President Muhammadu Buhari and APC led government have often bragged about their strength and progress made in the area of infrastructure with very little resources. With so many promises and legal and financial settlement agreements towards the commencement of this project, till date, nothing tangible can be said to be going on with less than 400 days to the end of the PMB administration.
Having signed yet a productive contract-deal with the Chinese, the government has not met all its contractual obligations; basic administrative bottlenecks to ensure effective supervision and monitoring of the project and strict adherence to the delivery timelines still resurrect itself as a major hindrance to a project, which guarantees 50,000 skilled jobs, 3,050 MGWs of hydro powered electricity, short and long term economic spillover in the north east region and for the collective growth of the nation.
The President, Minister of Justice, Minister of Power and National Assembly should undertake effective oversight to achieve delivery of this project and end Nigeria’s power deficit agony.

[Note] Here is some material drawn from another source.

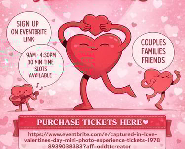 Book Now: Secure your spot via the Eventbrite link: https://www.eventbrite.com/e/captured-in-love-valentines-day-mini-photo-experience-tickets-1979869303383?aff=ebdsoporgprofile

Hydropower is predicted by the International Energy Administration to become the “dominant source of flexible electricity by 2050.” With its many rivers, the International Renewable Energy Association recommends that Nigeria invests right to become a major exporter of electricity in West and Central Africa. Angola is gaining a head start with over 3,000MW in hydropower installed.
Getting the concessions right for the Gurara, Tiga, Oyan, Challawa Dams will be crucial.
Meanwhile, the World Bank calculates that the country loses $28 billion or 2.0 per cent of its GDP annually due to power shortages. Currently, the total national installed power generating capacity is 12,522MW with just over 6,000MW output realisable; only an average of 4,000MW is supplied to Africa’s largest economy and population. Of the total, only 2,062MW is hydropower, coming mainly from Jebba, Shiroro and Kainji.
Nigeria is the country with the world’s largest access to electricity deficit despite trillions of naira and multibillion-dollar debts piled up for coming generations. Wisdom demands that competent private sector investment should take the lead in closing the deficit. The government should therefore open up the sector; fine-tune the Electricity Power Sector Reform Act to attract global private power sector giants to invest in renewable energy like hydro, solar, wind and waste. Would President Muhammadu Buhari, GCFR fulfill his promise to the North East and Nigeria in yet another milestone infrastructural project or would the Mambila hydro go down as another white paper sham?